The cost for a regular MULT is COSTS_N_INSNS(4) for the series-7 (see
the SImode and DImode entries in the int_mul line):
/* Costs to use when optimizing for Sifive 7 Series.  */
static const struct riscv_tune_param sifive_7_tune_info = {
  {COSTS_N_INSNS (4), COSTS_N_INSNS (5)},       /* fp_add */
  {COSTS_N_INSNS (4), COSTS_N_INSNS (5)},       /* fp_mul */
  {COSTS_N_INSNS (20), COSTS_N_INSNS (20)},     /* fp_div */
  {COSTS_N_INSNS (4), COSTS_N_INSNS (4)},       /* int_mul */
  {COSTS_N_INSNS (6), COSTS_N_INSNS (6)},       /* int_div */
  2,                                            /* issue_rate */
  4,                                            /* branch_cost */
  3,                                            /* memory_cost */
  8,                                            /* fmv_cost */
  true,                                         /* slow_unaligned_access */
};

So the break-even is at COSTS_N_INSNS(4) + rtx_cost(immediate).

Testing against series-7, we get up to 5 (4 for the mul + 1 for the
li) instructions from strength reduction:

val * 783
=>
sh1add a5,a0,a0
slli a5,a5,4
add a5,a5,a0
slli a5,a5,4
sub a0,a5,a0

but fall back to a mul, once the cost exceeds this:

val * 1574
=>
li a5,1574
mul a0,a0,a5

> Either way, it probably warrants a test case to make sure we don't
> regress in the future.

Ack.
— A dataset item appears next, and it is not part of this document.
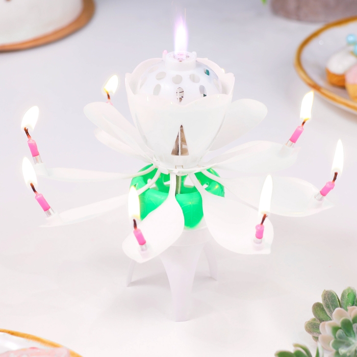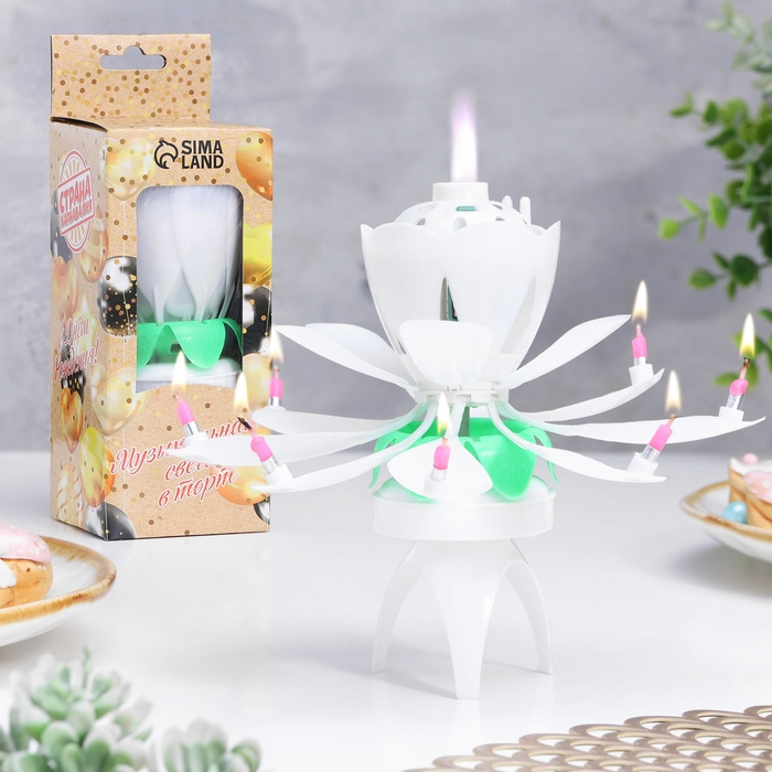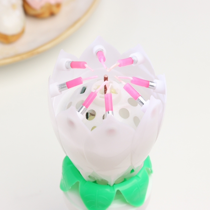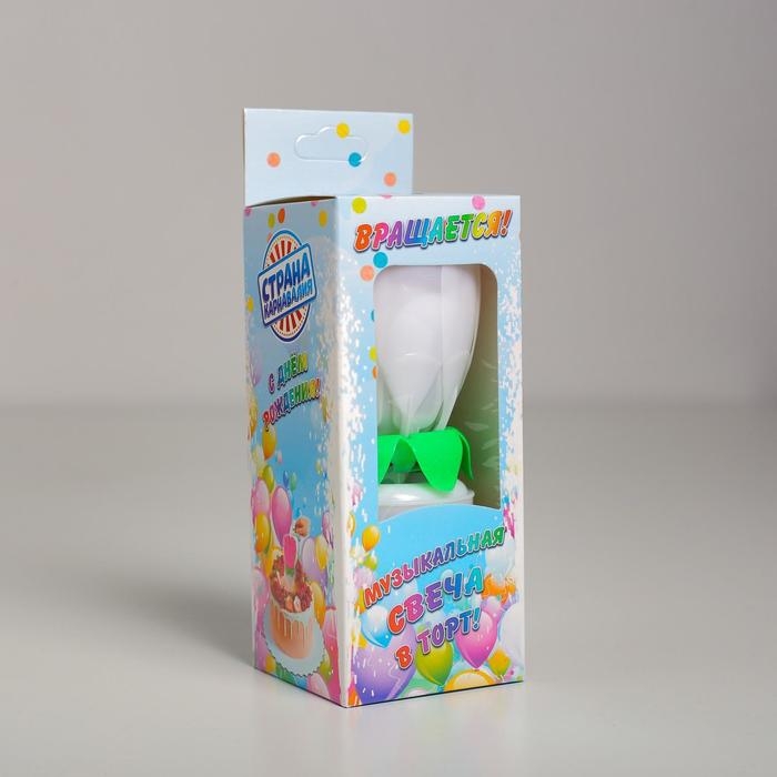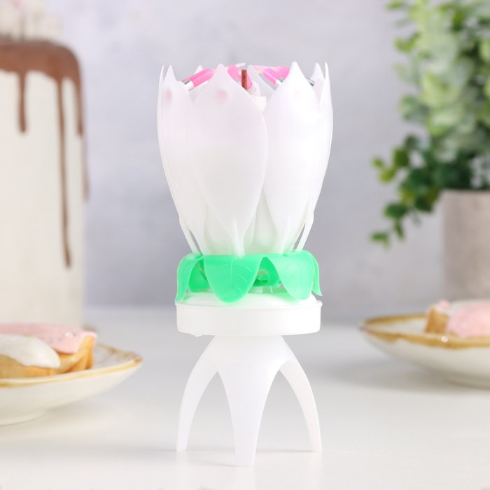 Свеча для торта музыкальная "Тюльпан", крутящаяся, белая, 14,5×6 см

Will be added for v2.

>
> >
> > gcc/ChangeLog:
> >
> >       * config/riscv/riscv.c (riscv_rtx_costs): Recognize shNadd,
> >       if expressed as a plus and multiplication with a power-of-2.

This will still need to be regenerated (it's referring to a '.c'
extension still).

> >
> > ---
> >
> >  gcc/config/riscv/riscv.cc | 13 +++++++++++++
> >  1 file changed, 13 insertions(+)
> >
> > diff --git a/gcc/config/riscv/riscv.cc b/gcc/config/riscv/riscv.cc
> > index ab6c745c722..0b2c4b3599d 100644
> > --- a/gcc/config/riscv/riscv.cc
> > +++ b/gcc/config/riscv/riscv.cc
> > @@ -2451,6 +2451,19 @@ riscv_rtx_costs (rtx x, machine_mode mode, int outer_code, int opno ATTRIBUTE_UN
> >         *total = COSTS_N_INSNS (1);
> >         return true;
> >       }
> > +      /* Before strength-reduction, the shNadd can be expressed as the addition
> > +      of a multiplication with a power-of-two.  If this case is not handled,
> > +      the strength-reduction in expmed.c will calculate an inflated cost. */
> > +      if (TARGET_ZBA
> > +       && mode == word_mode
> > +       && GET_CODE (XEXP (x, 0)) == MULT
> > +       && REG_P (XEXP (XEXP (x, 0), 0))
> > +       && CONST_INT_P (XEXP (XEXP (x, 0), 1))
> > +       && IN_RANGE (pow2p_hwi (INTVAL (XEXP (XEXP (x, 0), 1))), 1, 3))
>
> IIUC the fall-through is biting us here and this matches power-of-2 +1
> and power-of-2 -1.  That looks to be the case for the one below, though,
> so not sure if I'm just missing something?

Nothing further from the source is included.